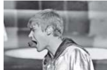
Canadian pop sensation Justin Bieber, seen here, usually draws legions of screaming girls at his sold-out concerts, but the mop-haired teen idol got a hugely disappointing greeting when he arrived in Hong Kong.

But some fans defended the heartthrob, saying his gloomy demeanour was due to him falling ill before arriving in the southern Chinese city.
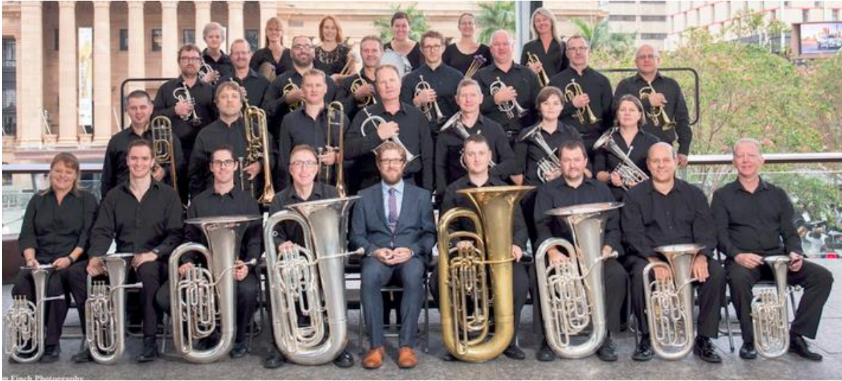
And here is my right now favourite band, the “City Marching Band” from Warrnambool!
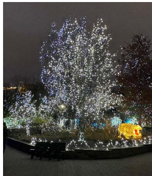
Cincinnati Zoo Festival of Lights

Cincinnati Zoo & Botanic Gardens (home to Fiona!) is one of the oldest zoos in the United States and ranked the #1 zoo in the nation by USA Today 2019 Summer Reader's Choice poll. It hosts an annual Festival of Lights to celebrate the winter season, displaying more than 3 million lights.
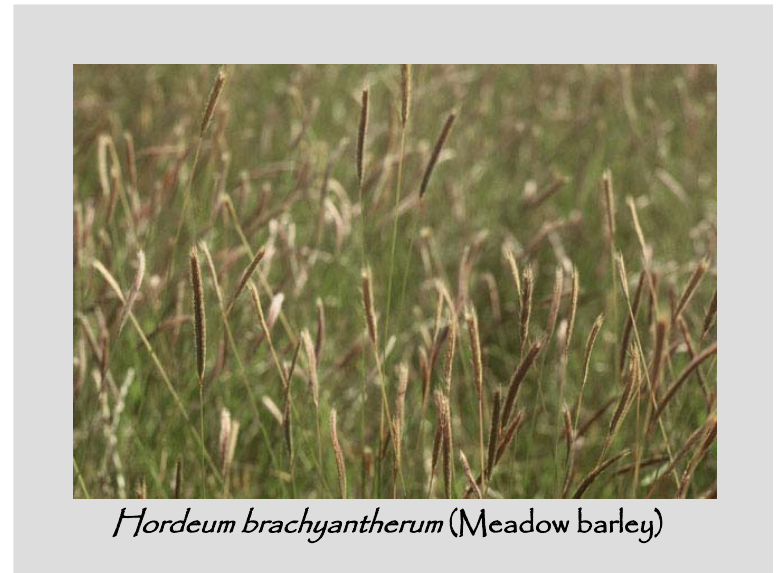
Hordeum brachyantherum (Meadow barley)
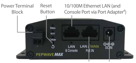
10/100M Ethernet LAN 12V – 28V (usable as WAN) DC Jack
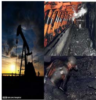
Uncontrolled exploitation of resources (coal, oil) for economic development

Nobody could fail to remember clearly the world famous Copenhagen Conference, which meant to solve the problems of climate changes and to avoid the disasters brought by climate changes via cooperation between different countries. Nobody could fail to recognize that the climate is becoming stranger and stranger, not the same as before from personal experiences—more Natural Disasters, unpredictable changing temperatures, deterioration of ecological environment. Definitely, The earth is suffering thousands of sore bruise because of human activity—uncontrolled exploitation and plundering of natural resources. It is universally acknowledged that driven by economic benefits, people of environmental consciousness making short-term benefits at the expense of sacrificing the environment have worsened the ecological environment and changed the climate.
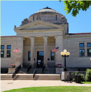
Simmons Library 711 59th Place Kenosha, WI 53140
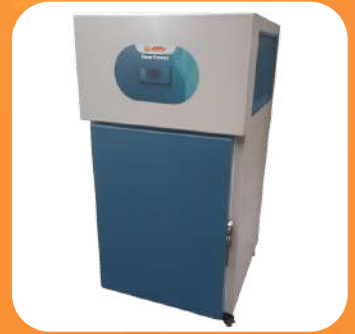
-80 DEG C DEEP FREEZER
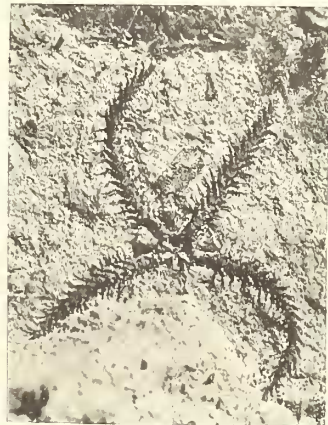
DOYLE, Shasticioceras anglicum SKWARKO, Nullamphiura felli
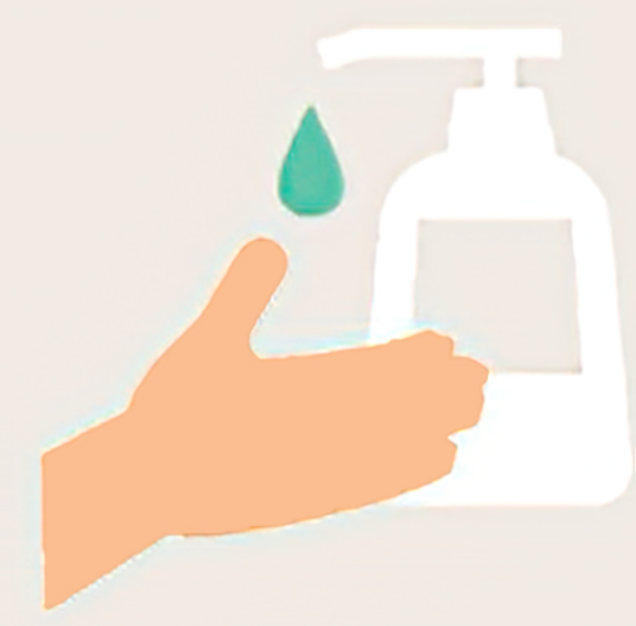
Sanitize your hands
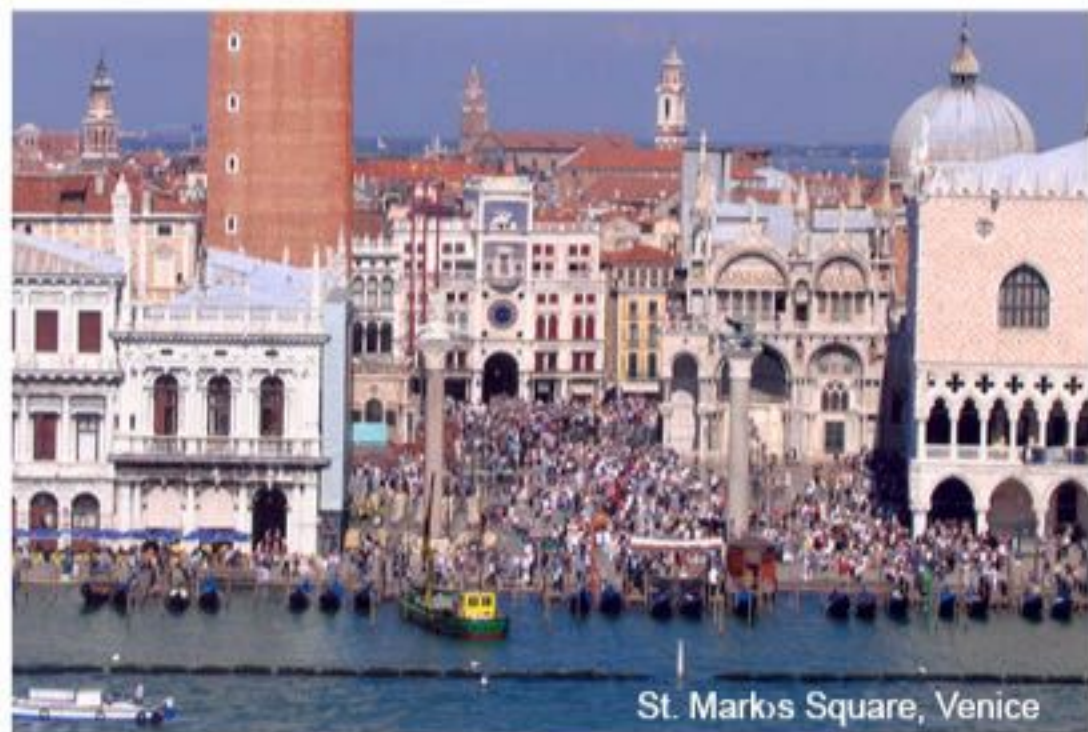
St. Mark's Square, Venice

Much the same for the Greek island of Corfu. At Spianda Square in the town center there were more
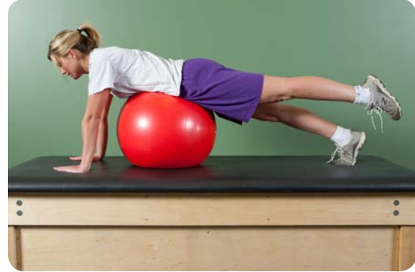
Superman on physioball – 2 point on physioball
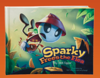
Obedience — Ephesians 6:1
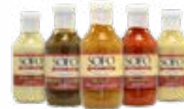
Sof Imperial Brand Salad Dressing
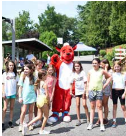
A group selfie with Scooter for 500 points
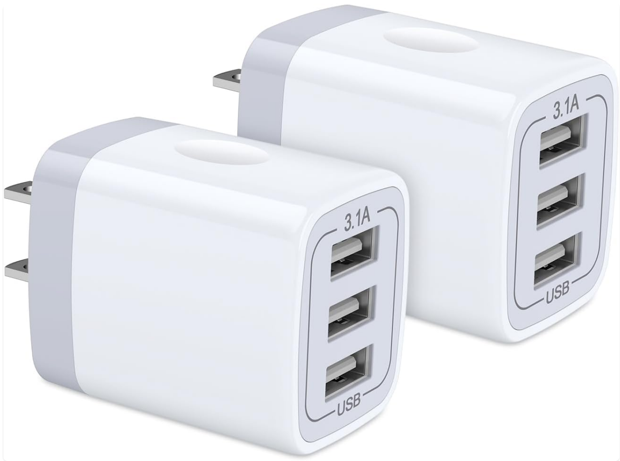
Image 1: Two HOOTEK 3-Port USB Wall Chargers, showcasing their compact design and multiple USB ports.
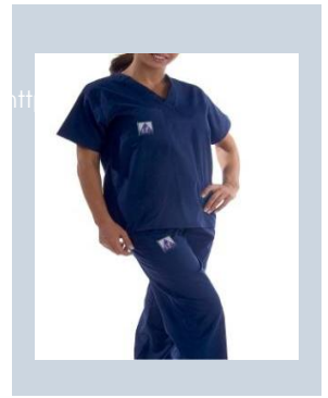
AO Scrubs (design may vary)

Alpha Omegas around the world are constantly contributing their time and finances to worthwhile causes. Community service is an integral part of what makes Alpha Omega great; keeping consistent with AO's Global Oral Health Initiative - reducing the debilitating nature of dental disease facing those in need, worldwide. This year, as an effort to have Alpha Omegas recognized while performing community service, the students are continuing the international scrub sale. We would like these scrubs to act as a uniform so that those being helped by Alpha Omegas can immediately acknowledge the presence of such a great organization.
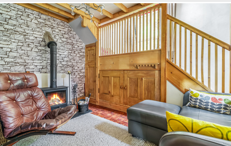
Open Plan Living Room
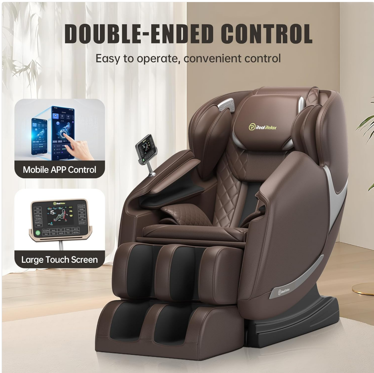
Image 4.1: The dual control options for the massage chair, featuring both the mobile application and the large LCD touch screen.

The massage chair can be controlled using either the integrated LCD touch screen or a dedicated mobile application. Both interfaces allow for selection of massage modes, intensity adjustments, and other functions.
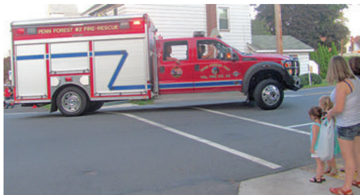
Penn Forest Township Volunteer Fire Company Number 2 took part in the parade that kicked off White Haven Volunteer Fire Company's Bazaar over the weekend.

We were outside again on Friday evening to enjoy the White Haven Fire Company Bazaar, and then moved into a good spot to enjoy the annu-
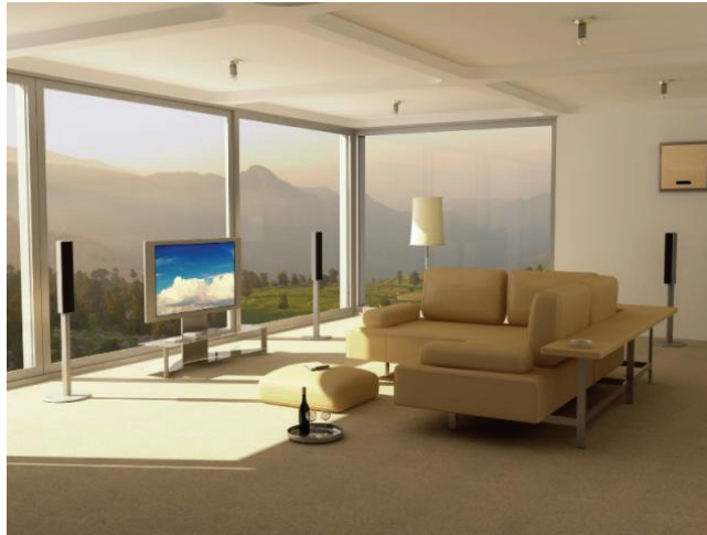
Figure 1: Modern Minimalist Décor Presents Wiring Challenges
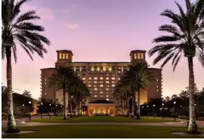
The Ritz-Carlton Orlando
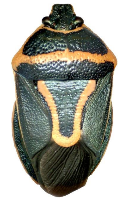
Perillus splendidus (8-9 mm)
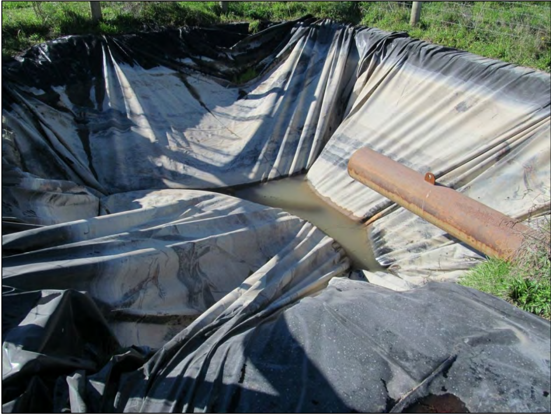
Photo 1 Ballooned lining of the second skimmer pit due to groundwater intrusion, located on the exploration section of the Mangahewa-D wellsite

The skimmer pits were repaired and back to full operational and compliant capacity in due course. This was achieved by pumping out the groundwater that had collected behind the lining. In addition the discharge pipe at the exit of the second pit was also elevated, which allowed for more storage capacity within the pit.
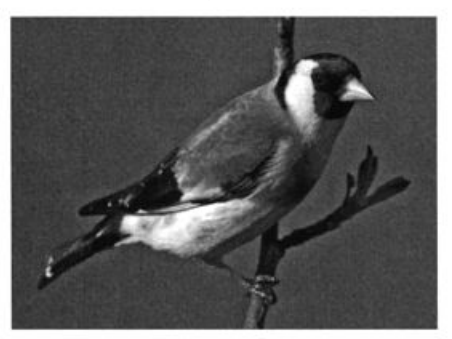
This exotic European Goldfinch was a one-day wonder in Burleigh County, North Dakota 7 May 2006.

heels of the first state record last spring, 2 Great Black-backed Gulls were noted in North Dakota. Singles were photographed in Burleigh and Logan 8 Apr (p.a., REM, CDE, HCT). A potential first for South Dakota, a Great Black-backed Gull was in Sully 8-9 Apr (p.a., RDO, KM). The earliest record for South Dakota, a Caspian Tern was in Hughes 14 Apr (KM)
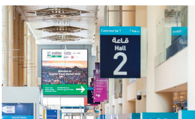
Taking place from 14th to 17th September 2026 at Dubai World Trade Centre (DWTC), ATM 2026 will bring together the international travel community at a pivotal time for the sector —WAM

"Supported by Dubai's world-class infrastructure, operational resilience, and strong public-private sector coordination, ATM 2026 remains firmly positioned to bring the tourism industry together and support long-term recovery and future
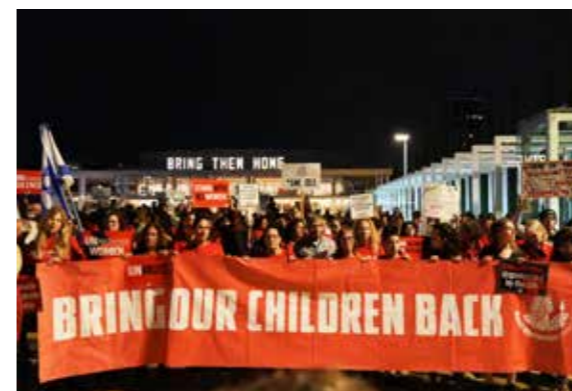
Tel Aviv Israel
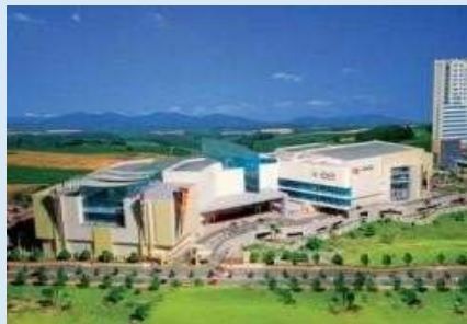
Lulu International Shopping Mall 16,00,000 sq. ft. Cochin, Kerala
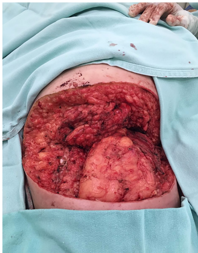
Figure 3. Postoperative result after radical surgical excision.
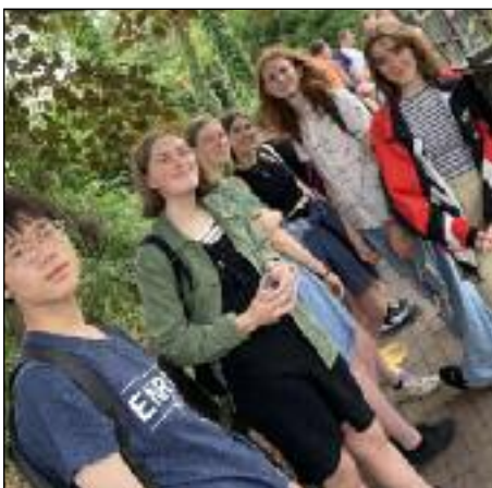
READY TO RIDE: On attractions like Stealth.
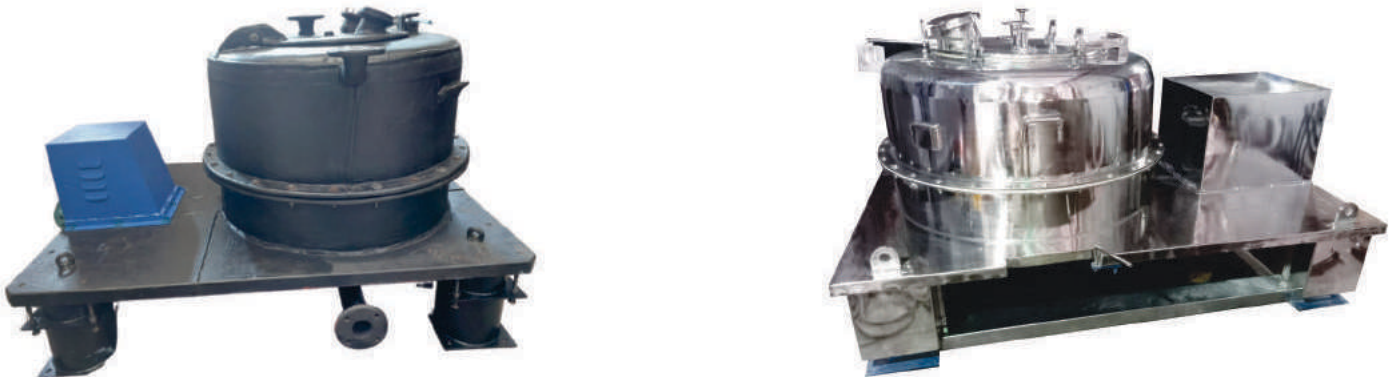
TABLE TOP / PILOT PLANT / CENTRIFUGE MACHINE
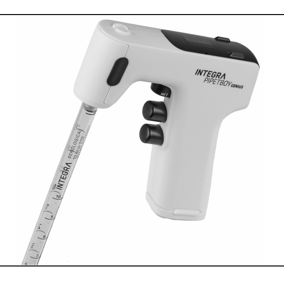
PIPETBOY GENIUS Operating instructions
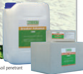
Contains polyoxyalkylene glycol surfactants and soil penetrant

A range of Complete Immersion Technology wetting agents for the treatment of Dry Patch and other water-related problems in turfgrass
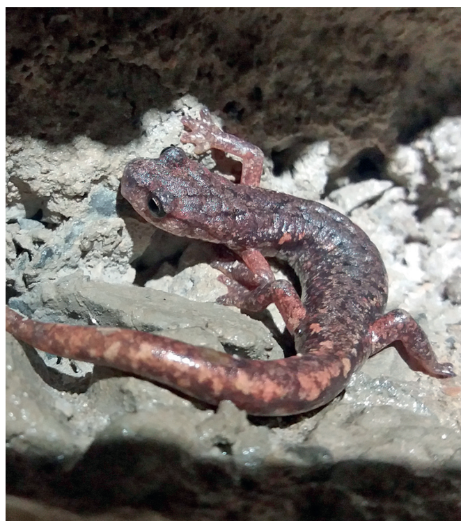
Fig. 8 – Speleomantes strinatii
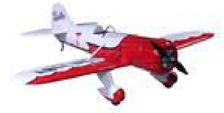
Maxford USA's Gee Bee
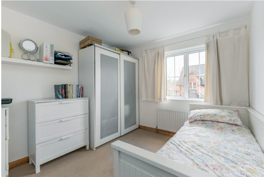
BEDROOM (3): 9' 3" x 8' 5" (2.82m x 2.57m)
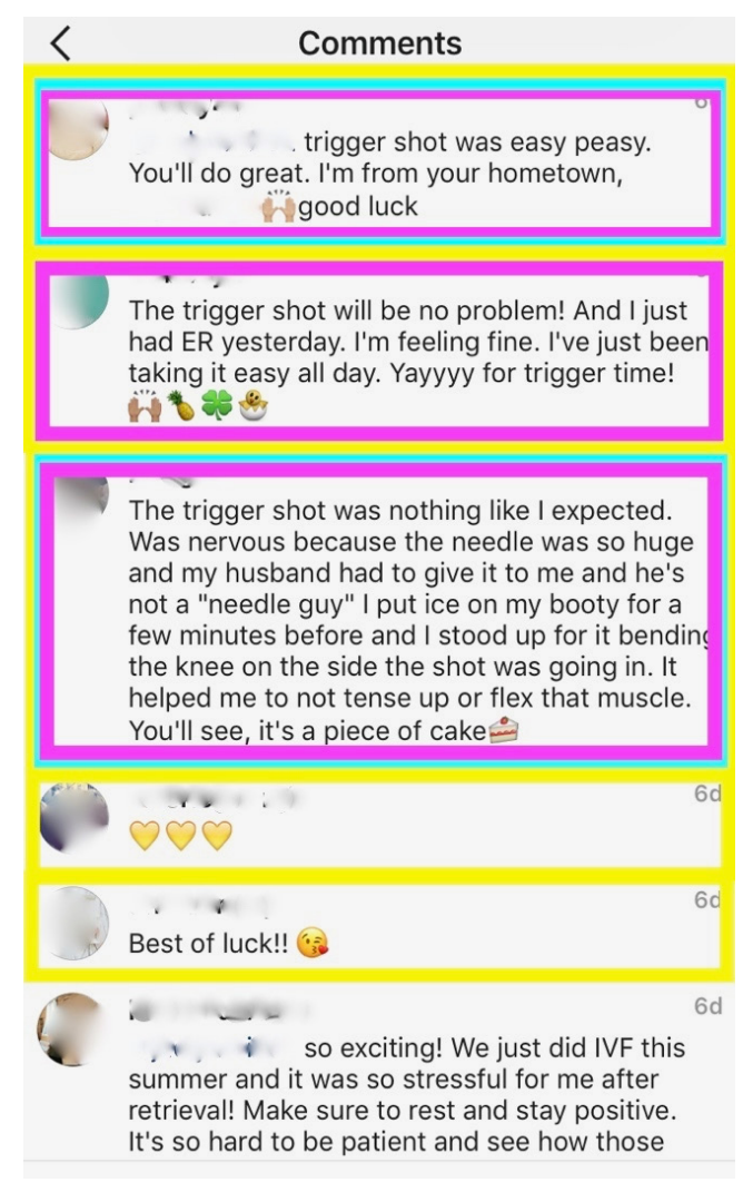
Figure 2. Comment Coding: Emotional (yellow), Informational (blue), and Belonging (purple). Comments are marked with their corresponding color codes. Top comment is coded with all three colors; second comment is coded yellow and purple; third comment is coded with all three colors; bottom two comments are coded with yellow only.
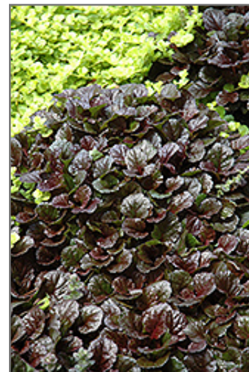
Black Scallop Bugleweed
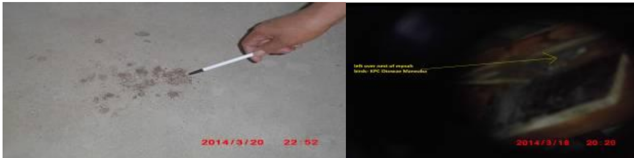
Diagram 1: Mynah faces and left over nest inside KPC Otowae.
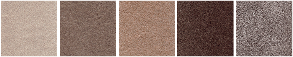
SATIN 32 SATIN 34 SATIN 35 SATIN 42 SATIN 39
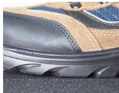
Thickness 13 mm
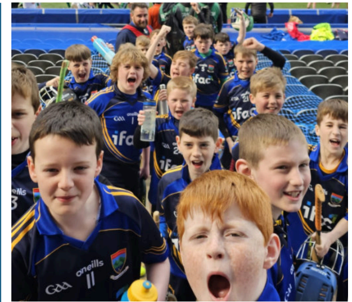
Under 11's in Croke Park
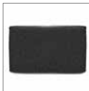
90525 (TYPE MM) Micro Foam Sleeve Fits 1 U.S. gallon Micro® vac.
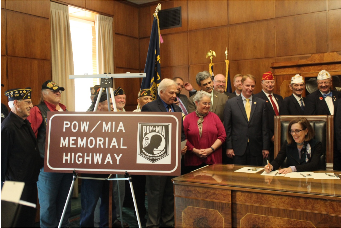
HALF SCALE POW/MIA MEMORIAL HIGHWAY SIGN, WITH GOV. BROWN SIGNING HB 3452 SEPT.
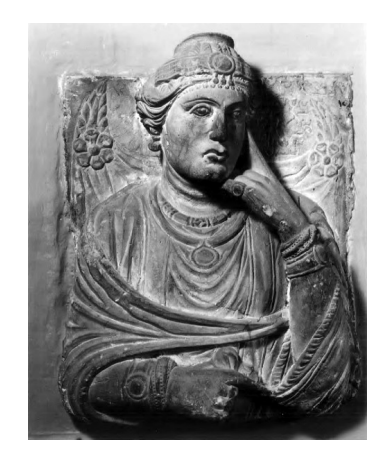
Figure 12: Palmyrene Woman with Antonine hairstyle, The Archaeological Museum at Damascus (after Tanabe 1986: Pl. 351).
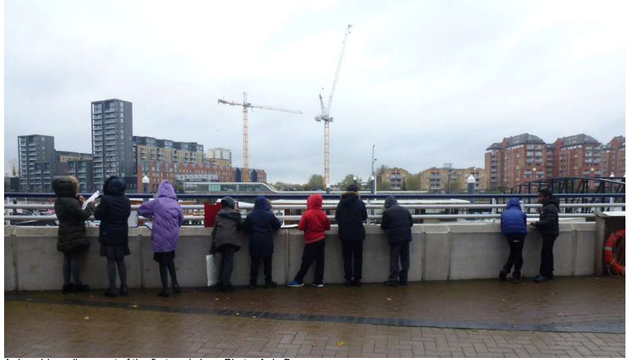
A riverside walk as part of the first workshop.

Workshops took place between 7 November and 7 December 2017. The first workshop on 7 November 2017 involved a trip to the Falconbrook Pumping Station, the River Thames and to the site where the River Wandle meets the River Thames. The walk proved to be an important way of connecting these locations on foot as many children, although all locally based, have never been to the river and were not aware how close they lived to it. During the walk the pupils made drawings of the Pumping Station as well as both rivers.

━━━━━━

-- WHAT IS REQUIRED --
Go through the material above, find each line with the string "Image", and copy it.

-- RESULT OF THIS EXERCISE --
Image 1: Two HOOTEK 3-Port USB Wall Chargers, showcasing their compact design and multiple USB ports.
Image 4.1: The dual control options for the massage chair, featuring both the mobile application and the large LCD touch screen.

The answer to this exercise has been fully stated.